'''

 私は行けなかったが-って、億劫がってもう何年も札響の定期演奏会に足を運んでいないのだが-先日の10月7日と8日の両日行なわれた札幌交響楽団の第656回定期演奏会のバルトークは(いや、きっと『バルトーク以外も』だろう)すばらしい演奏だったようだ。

'''
'''

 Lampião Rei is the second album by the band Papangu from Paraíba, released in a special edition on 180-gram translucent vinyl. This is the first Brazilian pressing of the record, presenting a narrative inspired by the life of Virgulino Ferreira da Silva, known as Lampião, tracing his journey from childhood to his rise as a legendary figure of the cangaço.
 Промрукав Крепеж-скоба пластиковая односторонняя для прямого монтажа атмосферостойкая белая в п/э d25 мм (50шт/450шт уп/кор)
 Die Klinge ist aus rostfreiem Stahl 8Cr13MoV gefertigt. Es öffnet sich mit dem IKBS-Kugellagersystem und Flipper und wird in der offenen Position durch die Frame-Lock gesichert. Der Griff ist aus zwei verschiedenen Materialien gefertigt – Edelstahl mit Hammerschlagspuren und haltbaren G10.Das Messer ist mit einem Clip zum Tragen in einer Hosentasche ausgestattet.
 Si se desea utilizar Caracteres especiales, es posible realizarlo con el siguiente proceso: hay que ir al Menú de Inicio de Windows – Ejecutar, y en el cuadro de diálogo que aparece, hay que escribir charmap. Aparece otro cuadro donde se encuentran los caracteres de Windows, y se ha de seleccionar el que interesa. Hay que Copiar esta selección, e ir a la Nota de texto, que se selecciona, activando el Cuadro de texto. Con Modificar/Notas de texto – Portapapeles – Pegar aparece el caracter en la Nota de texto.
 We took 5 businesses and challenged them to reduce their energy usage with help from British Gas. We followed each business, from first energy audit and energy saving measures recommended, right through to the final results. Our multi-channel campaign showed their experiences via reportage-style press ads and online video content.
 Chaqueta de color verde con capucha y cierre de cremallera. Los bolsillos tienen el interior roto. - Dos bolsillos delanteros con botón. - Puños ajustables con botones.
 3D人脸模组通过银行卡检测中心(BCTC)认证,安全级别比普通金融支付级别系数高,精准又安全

'''

Could you reproduce exactly the lines of the entries above, from the one with "We took 5 businesses" through the one with "3D人脸模组通过银行卡检测中", and nothing else?

§ Solved problem:
 We took 5 businesses and challenged them to reduce their energy usage with help from British Gas. We followed each business, from first energy audit and energy saving measures recommended, right through to the final results. Our multi-channel campaign showed their experiences via reportage-style press ads and online video content.
 Chaqueta de color verde con capucha y cierre de cremallera. Los bolsillos tienen el interior roto. - Dos bolsillos delanteros con botón. - Puños ajustables con botones.
 3D人脸模组通过银行卡检测中心(BCTC)认证,安全级别比普通金融支付级别系数高,精准又安全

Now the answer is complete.